Sin dall’ingresso la persona è accompagnata in un percorso coloratissimo: la disposizione dei diversi oggetti infatti porta a percorrere tutta la passerella che si snoda partendo dalle nuove collezioni passando per tutte le categorie merceologiche, dalla cartoleria, agli strumenti per il fitness fino agli utensili da cucina.
Vicino alle casse, in quasi la totalità dei punti vendita, ci sono golosità dolci e salate. I prodotti di questa sezione sono tutti realizzati nel rispetto della tradizione di appartenenza - ad esempio in Italia i taralli che si trovano in store sono tutti prodotti in Italia.

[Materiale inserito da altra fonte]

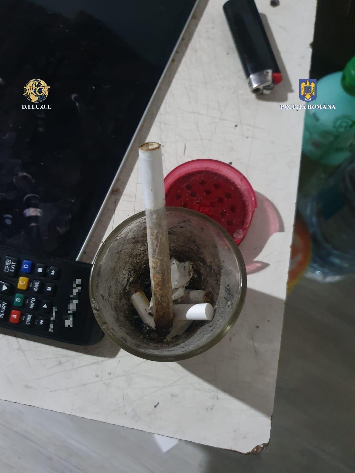 În urma perchezițiilor efectuate, au fost descoperite peste 220 de grame de canabis, precum și alte mijloace de probă.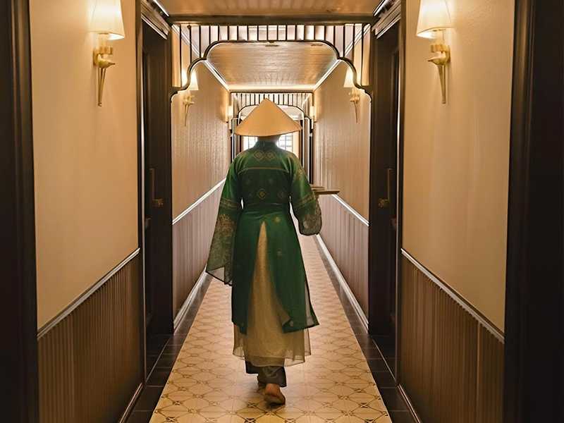 After dinner, step back in time with our Gam Voc Odyssey Concept. Guests are invited to dress in Traditional Vietnamese Attire (Ao Dai or ancient garments) provided on board. This is a special "Check-in" opportunity to capture stunning photos against the cruise’s classic oriental backdrop. Afterward, you may choose to join squid fishing, enjoy a cocktail at the bar, or simply relax under the starlit sky.

L'intero percorso è studiato per far sentire le persone curiose e per metterle di buon umore.
Quanti oggetti ci sono in un negozio Flying Tiger?
In media gli store Flying Tiger ospitano oltre 2000 oggetti, di cui circa 200 nuovi ogni mese.
Qual è il più amato di sempre?
Ce ne sono molti, ma un posto in testa alla classifica ci sono sicuramente i biscotti al burro nella scatola di latta che ritrae la regina di Danimarca.
Questo prodotto ha, tra le altre cose, vinto due premi di design: il Communication Art Award of Excellence nel 2015 e il Golden Hammer Award nello stesso anno.